A member has reported an incident in which a crane winch wire was lost during light subsea lifting work. The winch wire and the load dropped on to the seabed near to working divers.
A small crane, sometimes referred to offshore as a ‘cherry picker’, was being used to deploy a small tool basket to a diver working on a subsea manifold. It had been identified on the previous shift there was insufficient wire on the crane winch drum to reach the seabed; however there was sufficient winch wire to reach the roof of the manifold. The deck crew and dive supervisors had been briefed by the previous shift regarding the short length of wire.
During the operation to deploy the basket the deck crew was instructed to deploy the tool basket to the ‘short mark’ (rope marks fitted to the cherry picker wire). The diver spotted the tool basket and gave an ‘all stop’ signal. However, the tool basket continued to descend towards the seabed followed by the entire length of the winch wire which landed in close proximity to the divers. The divers were uninjured and returned unaided to the bell.
An investigation took place which, in addition to errors in lift planning, suitability of equipment and management of change, revealed the following:
- The divers were working directly under a suspended load;
- There were several ‘short marks’ identified on the winch wire;
- The pilot of the observing remotely operated vehicle (ROV) had not been instructed to watch the descending load;
- The ‘lineout meter’ giving details of how much winch wire had paid out was defective;
- A hydroacoustic position reference (HPR) beacon had not been fitted to the wire in order to confirm the depth.
The company involved implemented a number of control measures following this incident:
- A ‘dropped object cone’ protection procedure was implemented for divers where the diver(s) must be outside a minimum 30 degree dropped object cone for all subsea lifts; if this is not practical then they must at least retire under the bell. Certain loads being deployed and recovered will require the bell to be recovered.

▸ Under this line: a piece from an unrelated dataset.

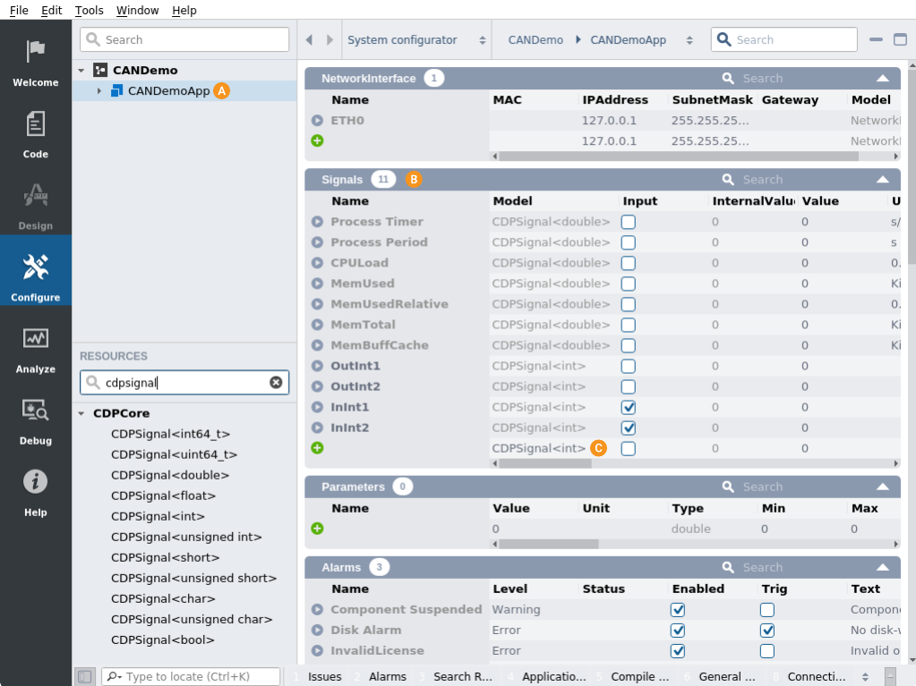 - Select the CANDemoApp that resides under CANDemo in the Project tree.

- At least two independent depth reference devices should be in operation when deploying loads subsea. These can be:
- a line out meter
- an HPR transponder
- rope marks
- ROV observation should be regarded as secondary means of reference;
- The crane or ‘cherry picker’ operator should have suitable visual references to allow an accurate understanding of the position of the subsea load and the capabilities of the lifting equipment.